The agent will change; the decision will not

This is the asymmetry the chapter turns on. Your agent is a moving system, and the operations chapters made that vivid: the model gets updated on the vendor’s schedule, the prompt accretes improvements, the corpus is refreshed, the whole thing drifts and is re-versioned and eventually retired. The decision it made is a fixed historical event. Someone was denied care, granted a loan, screened out of a hiring pipeline, on a specific day, by a specific configuration, and that event does not update when the agent does. When the appeal comes, the gap between the moving system and the fixed event is exactly the space where accountability is lost, because the natural state of a system that has moved on is that it cannot account for where it used to be. The version-pinning the silent-degradation chapter recommended for catching drift is the same discipline that makes a decision reconstructable here: an immutable reference to the model that decided is both how you tell whether the agent has changed and how you prove what it did before it changed. The audit that survives the agent is built out of the same pins that let you see the agent move.

Some domains feel this on a long delay, which is what makes it easy to defer and expensive to have deferred. A medical decision made by an agent today may be questioned when the patient’s outcome unfolds years later; a record an agent writes today may be inherited and reasoned over by a future model that takes the earlier output as established fact, compounding an error nobody can trace back because the provenance of the original was never sealed. The decisions whose consequences arrive slowest are precisely the ones most likely to outlive the systems that made them, and therefore the ones that most need an artifact built to survive the gap. The regulations are converging on this, slowly: retention measured against the real limitations period rather than a flat six months, specific machine-readable reasons attached to each denial, model documentation version-locked for as long as the model is in use. But the regulatory floor lags the litigation timeline by years, which means the discipline has to come from you before the rule requires it, because the rule will be proven necessary by the cases that arrive before it.

So take one consequential decision your agent makes and list everything a stranger would need to reconstruct it five years from now, with the current version of the agent long gone: the inputs, the exact model and prompt and corpus version, the reasoning the agent produced, the human who signed it and why, the policy it operated under. Then check what your system actually retains, and for how long. The items on the first list that are not on the second are the parts of the decision that will not survive the appeal, and the appeal rate being low is not protection. It is the reason the gap stays invisible until the one appeal that matters arrives with a discovery order attached.

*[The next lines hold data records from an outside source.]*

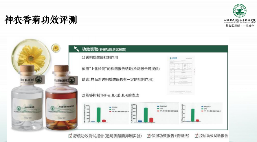 通过数据检测和临床研究,神农香菊香氛舒缓因子在亢炎亢敏功效有明显优势。
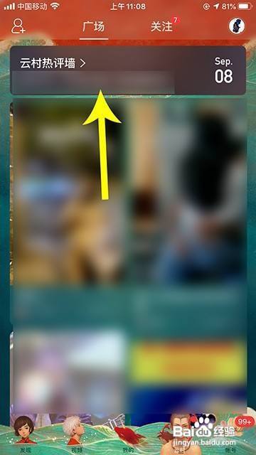 进入云村后就回到看顶部的云村热评墙,点击热评墙进入。
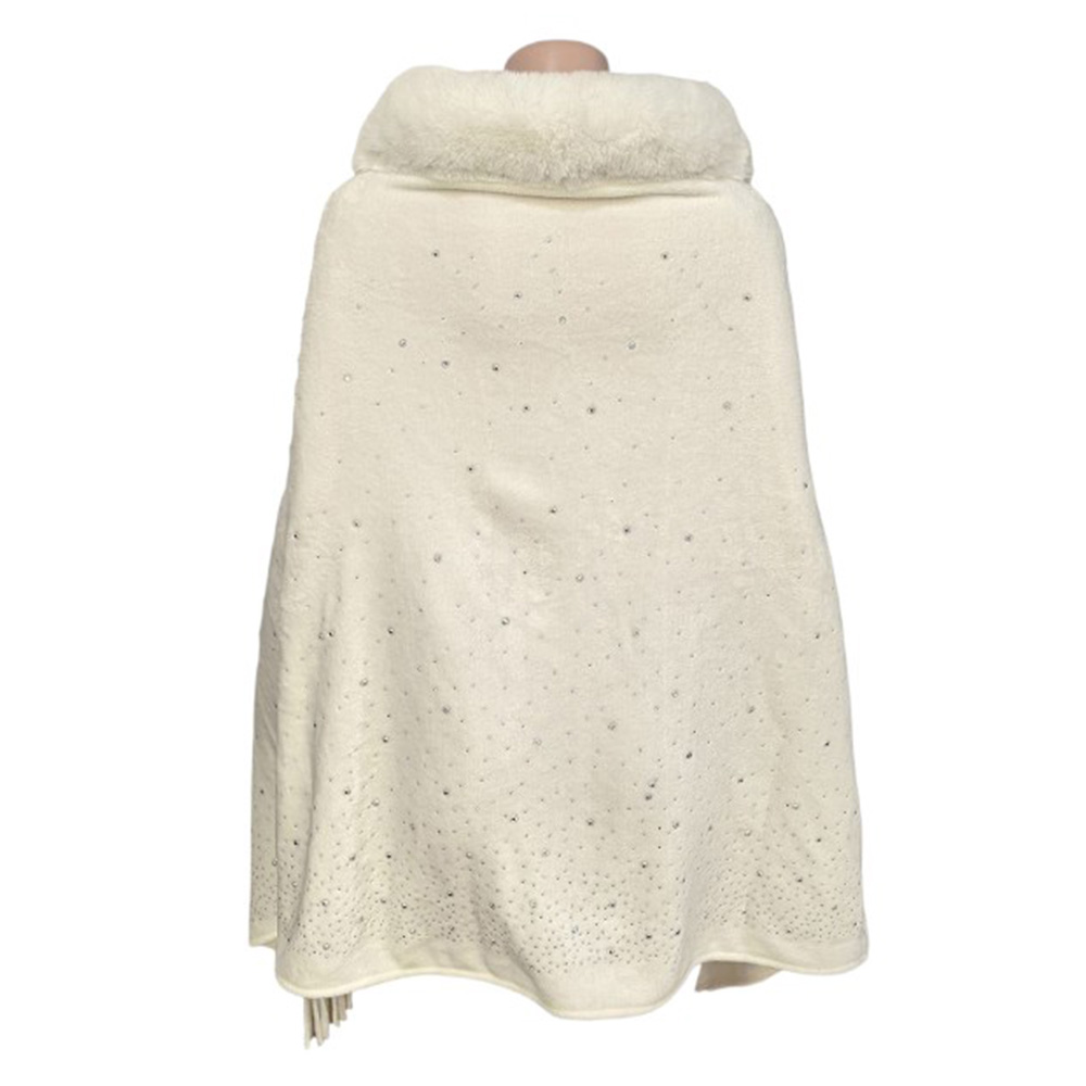 Rhinestone Embellished Fringe Faux Fur Poncho Wrap Rhinestone Embellished Fringe Faux Fur Poncho Wrap Rhinestone Embellished Fringe Faux Fur Poncho Wrap

A reader could stop here and feel they had the supervisory layer covered. The boundary, the budget ceiling, the instruments, the audit that survives the agent, that is a real Channel 2, and most teams do not have even this much. But it is only half of one. Everything in this part has been about designing what the system does and how you watch it. None of it has been about what happens to the humans doing the watching, or to the people who never see the agent but live inside its error rate. A supervisory layer that watches the agent perfectly and lets the supervisor’s skill erode, or never notices the person the product is failing, is not finished; it is half-built in a way that does not show until it fails. The next two parts are that other half, and they are the part of the job that no platform will ever provide.